= William Jones Thomas =

Welsh Anglican priest

Reverend William Jones Thomas (1811-1886) was a 19th-century Welsh Anglican priest. He was vicar at the pre-conquest church of St. Eigon, Llanigon, Wales.

St. Eigon is in the Greater Brecon Deanery, in the Diocese of Swansea and Brecon, in the Church in Wales (an independent member of the Anglican Communion). Before 1923, the diocese was in the Archdeaconry of Brecon within the Diocese of St Davids.

== Alma mater ==
- 1835 BA Peterhouse, Cambridge University.
- 1838 MA Petershouse, Cambridge University.

== Ordained ministry ==
- 1836 Deacon, ordained in Exeter.
- 1837 Priest, ordained by the Bishop of Exeter.
- 1836-1838 Curate, Kilmington, Devon.
- 1836-1843 Curate, Titley, Herefordshire.
- 1838-1846 Curate, Llanelwedd, Powys.
- 1843-1847 Curate, Kington, Herefordshire.
- 1847-1849 Curate, Presteigne, Radnorshire.
- 1848-1853 Curate, Forden, Powys.
- 1855-1859 Rector, Gladestry, Radnorshire.
- 1859-1886 Vicar at St.
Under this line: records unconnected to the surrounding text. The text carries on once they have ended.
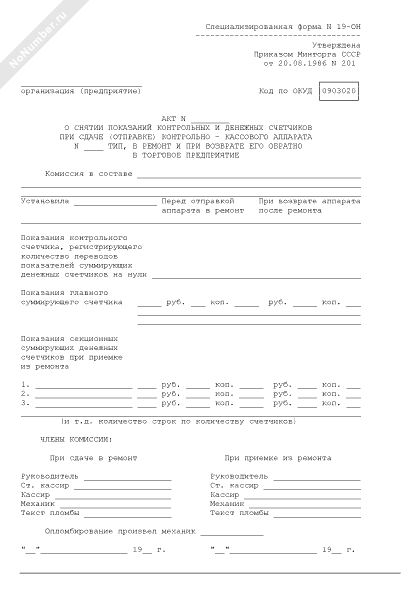- 804Акт о снятии показаний контрольных и денежных счетчиков при сдаче (отправке) контрольно-кассового аппарата в ремонт и при возврате его обратно в торговое предприятие. Специализированная форма № 19-ОН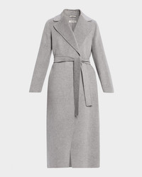 Luxuriously handsewn wool and cashmere Max Mara coat with a matching belt to envelop the long, fluid form Notched collar; wrap front Long sleeves; vented cuffs Selftie belt Onseam side pockets Streamlined cut Walking back slit Virgin wool/cashmere Dry clean Imported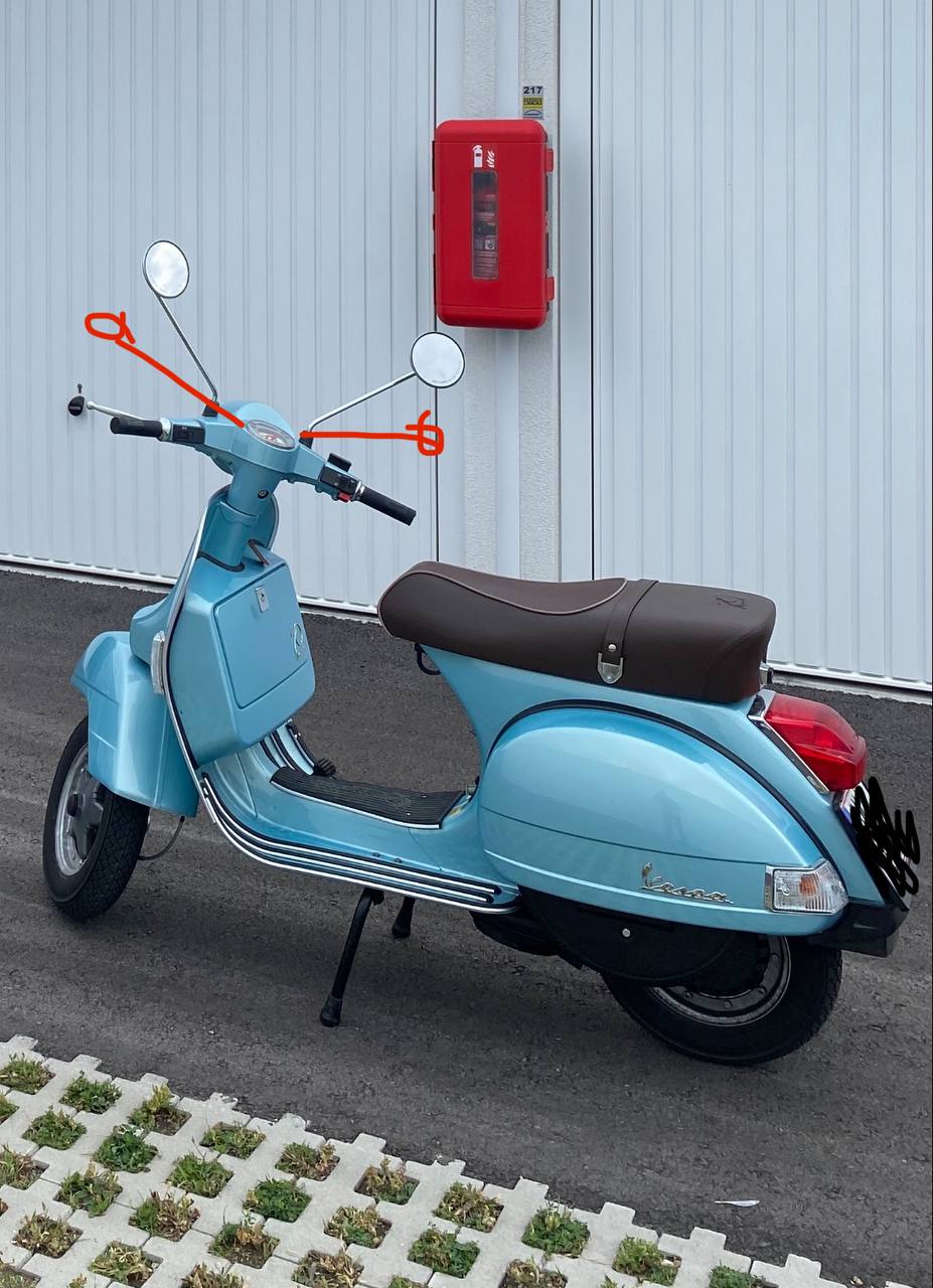Das einzige Manko ist meiner Meinung nach die Art der Spiegel. Abgesehen davon, dass sie wie Antennen aussehen, verdrehen sie sich auch oft während der Fahrt aufgrund von Vibrationen und Fahrtwind. Aus diesem Grund möchte ich - quasi zum 10 jährigen Geburtstag - einen neuen Spiegelsatz schenken. Anbei ein Bild meiner Vespa samt grob eingezeichneter Vorstellung der neuen Spiegel. Ich möchte sowohl links als auch rechts einen Spiegel haben, sie sollten Chrom/silber sein sodass es zur restlichen Optik passt. Sie sollten wesentlich niedriger sein als die jetzigen Spiegel, aber dennoch genug Sichtfeld bieten wenn möglich.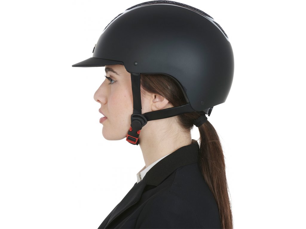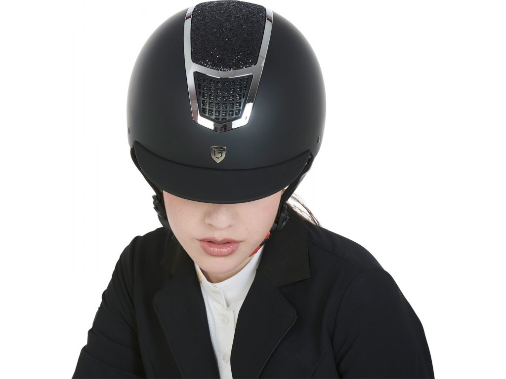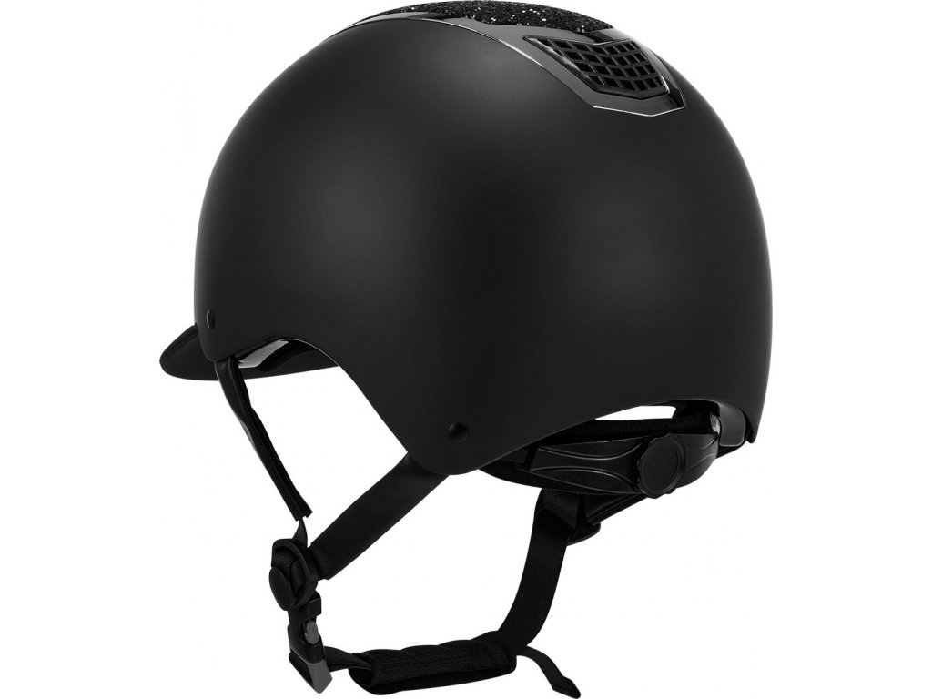 Ultralehká bezpečnostní přilba od výrobce Equestro, perfektně sedí na hlavě, moderní design, jednoduchý systém nastavení. Vybavena pohodlným a prodyšným vnitřním polstrováním, které lze vyjmout. Opatřena vynikajícím ventilačním systémem. Zdobena krásnými kamínky. Helma splňuje aktuální evropskou normu VG1 01,040 2014-12. K dispozici ve více barvách. Vyráběna ve velikostech S (53 - 55 cm), M (56 - 58 cm) a L (59 - 61 cm).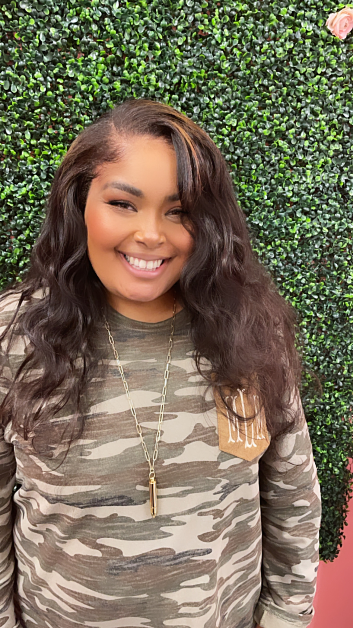 Traditional sew- in with hair left out for parting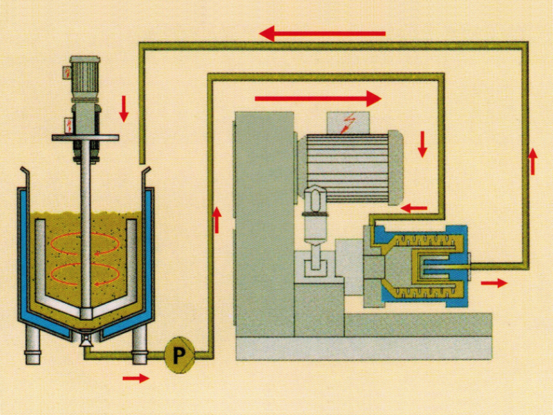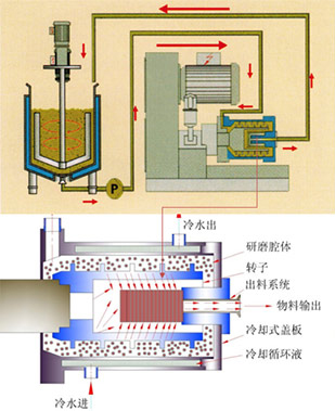 可實現低溫砂磨 縮短漿料在磨腔內的滯留時間,有效抑制溫度上升。 通過循環冷卻水的冷卻,可實現低溫砂磨。 |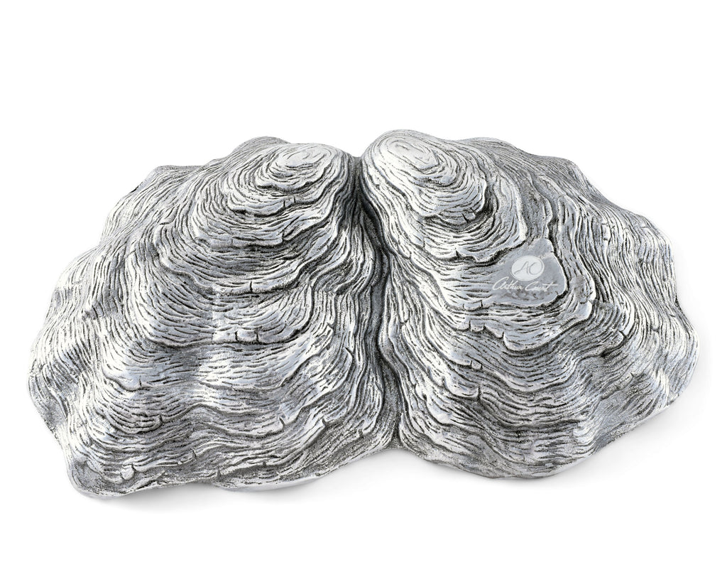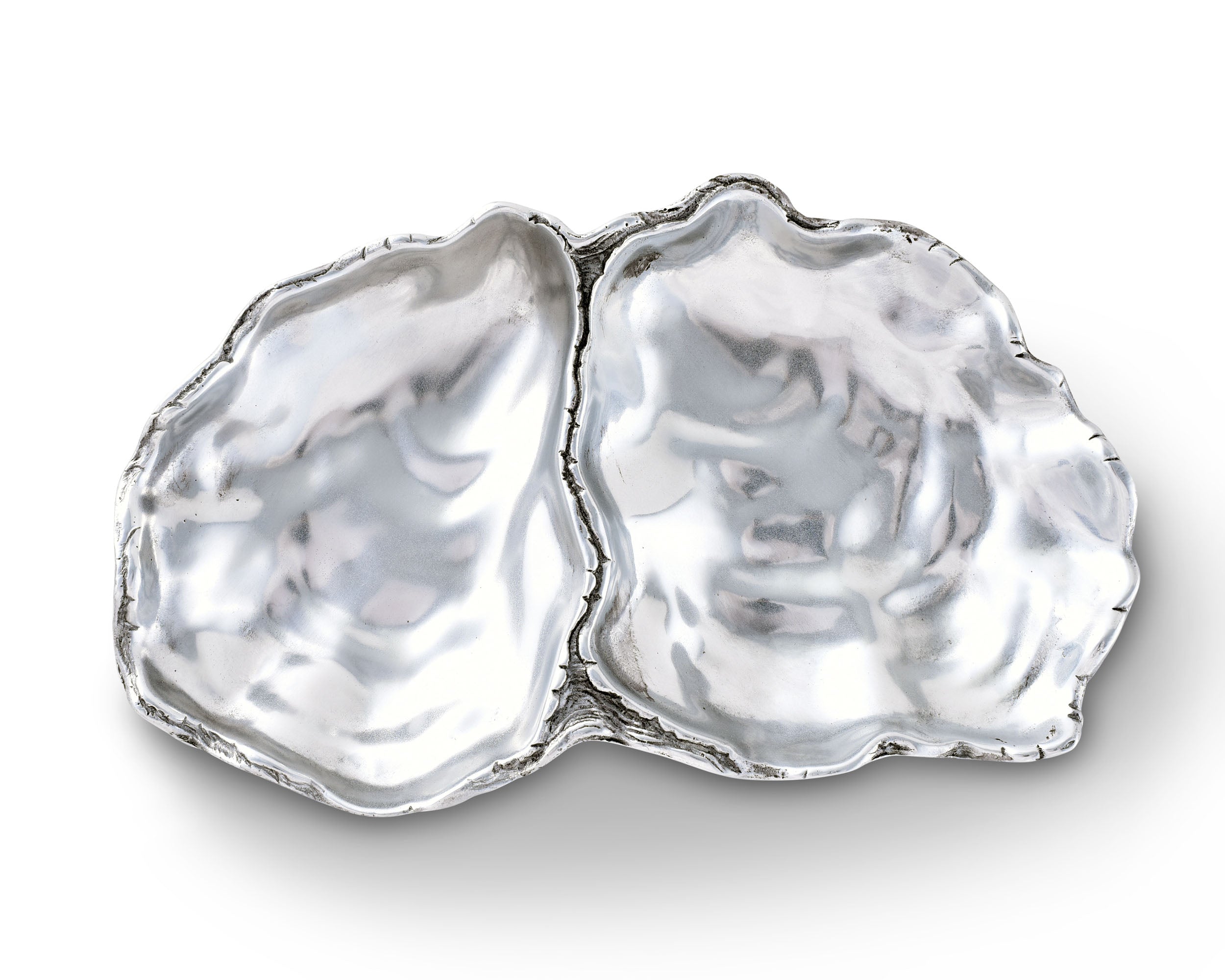 Arthur Court's sand-cast aluminum alloy is the perfect material for this Oyster shaped Catch-All Tray. The shiny luster of the tray mimics the inside of a real oyster to reflect the pretty objects you display on the tray or enhance the little treat tidbit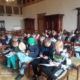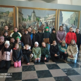 Aby dowiedzieć się więcej o niełatwej drodze Polski do niepodległości, klasa 4b wybrała się na warsztaty edukacyjne do dawnego Pałacu Biskupów Krakowskich, który stanowi oddział Muzeum Narodowego w Kielcach.W czasie zajęć uczniowie zwiedzili Sanktuarium Marszałka Józefa Piłsudskiego, gdzie mogli obejrzeć m.in.obrazy lwowskiego malarza Stanisława Batowskiego-Kaczora „Wejście Strzelców do Kielc", „Potyczka na folwarku Czarnów", a także kopię obrazu Batowskiego wykonaną w 1994 roku przez Krzysztofa Jackowskiego „Potyczka przed Hotelem Bristol", według oryginału znajdującego się w Muzeum Oręża w Kołobrzegu. Po obejrzeniu eksponatów znajdujących się w Sanktuarium uczniowie opisywali oglądane obrazy, a potem zwiedzali zabytkowe wnętrza muzeum.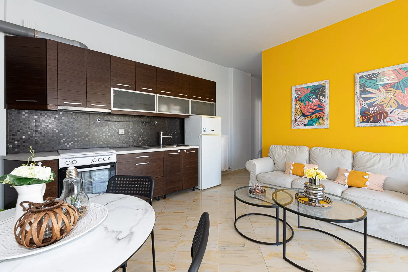 It is a cozy and fully equipped apartment. It consists of a bright , colorful living room which is carefully decorated with vivid summertime colors , that will lighten up your days and vacation mood . In the living room there is also the kitchen and a fireplace that can be a great plus for those visiting us during the winter time . Furthermore , the apartment has one bathroom and a spacious relaxing bedroom . Also there is one balcony where you can relax enjoying the beautiful sea view during the sunset , combined with the stunning view of the historical mountain of Stroumpoulas.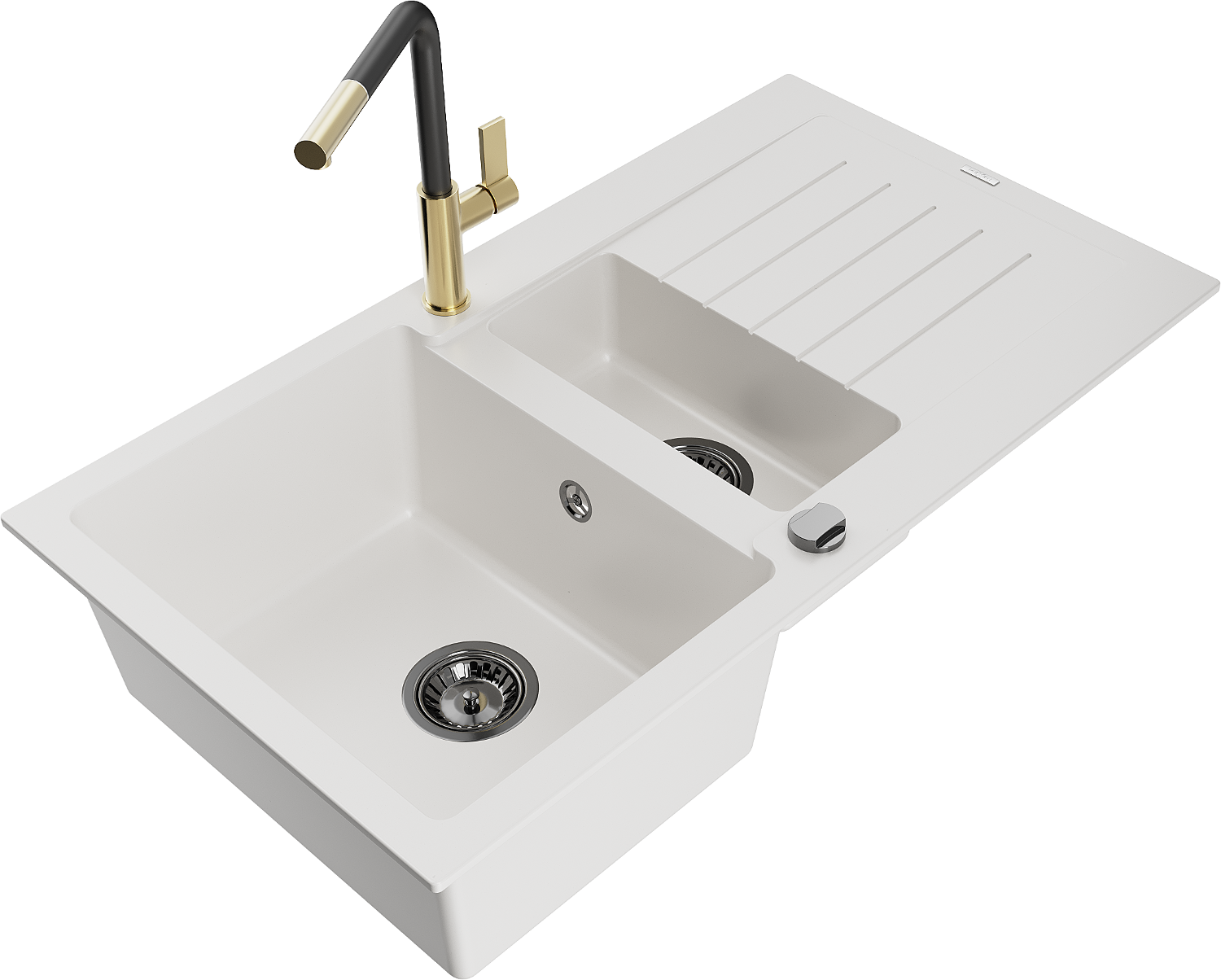 Mexen Matias granito plautuvė 1,5 kamerų su nutekėjimu ir virtuvės čiaupu Flora, balta - 6502-20-670401-57-B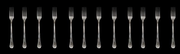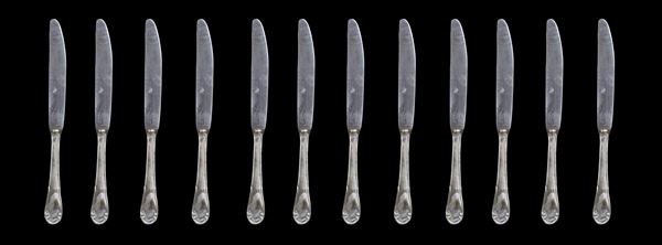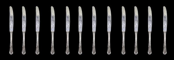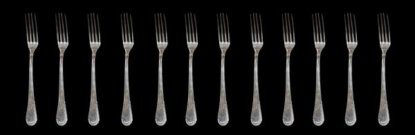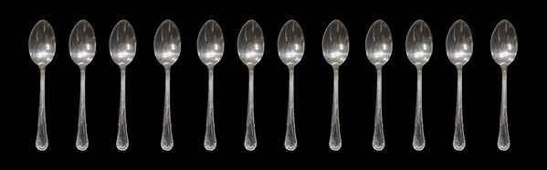Composed of: 12 forks, 12 spoons, 12 knives, 12 fruit forks, 12 fruit knives, 12 dessert spoons, 12 coffee spoons, 3 serving cutlery.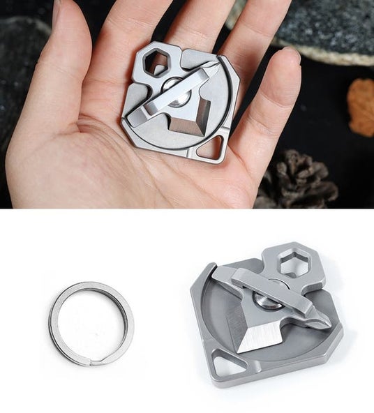 『回転して「カッター・ドライバー・スパナ」として使える【チタン合金マルチツール】』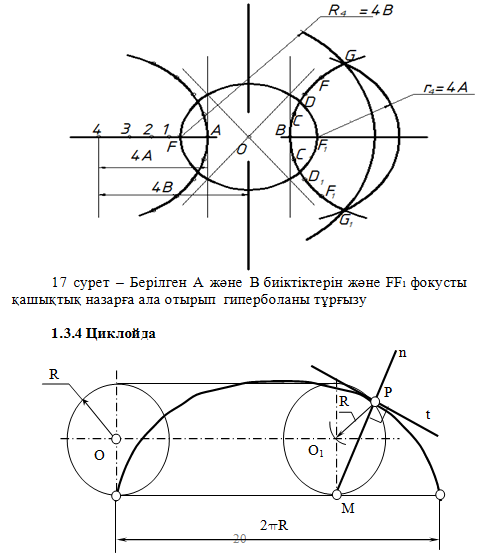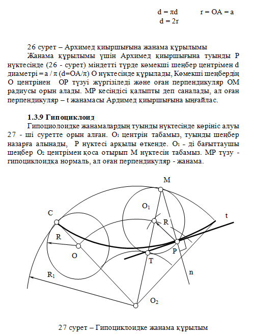 18-ші суретте жанаманың циклойдқа туынды P нүктесінде орналасуы көрсетілген. Туынды щеңбер R = ОС радиусын пайдалана отырып және осы шеңберлердің центрлік сызығын назарға алып, шеңбер ортасының ыңғайын табамыз, P нүктесі – О 1 нүктесімен ыңғайлас. Төменгі нүкте М тік диаметрде туынды шеңбердің қарастырылған жағдайында P нүктесімен қосамыз. МP түзуі – циклойдта P нүктесінде нормаль. t жанамасы n нормаліне перпендикуляр.

Eigon, Llanigon, Powys.
see Crockfords clerical directory.

== Miscellaneous ==
- JP for Hereford, Brecon and Radnor.
- Chairman of Hay and Clyro Petty Sessional Divisions.
- Vice-chairman of the Hay Board of Guardians.

== Personal life ==
In 1839, William married Anne Elizabeth (nee Jones) Thomas (1812-1884). He followed the Thomas tradition of marrying a wealthy heiress. William and Anne had five daughters and six sons. None of the daughters married, and lived in Llanthomas until their death.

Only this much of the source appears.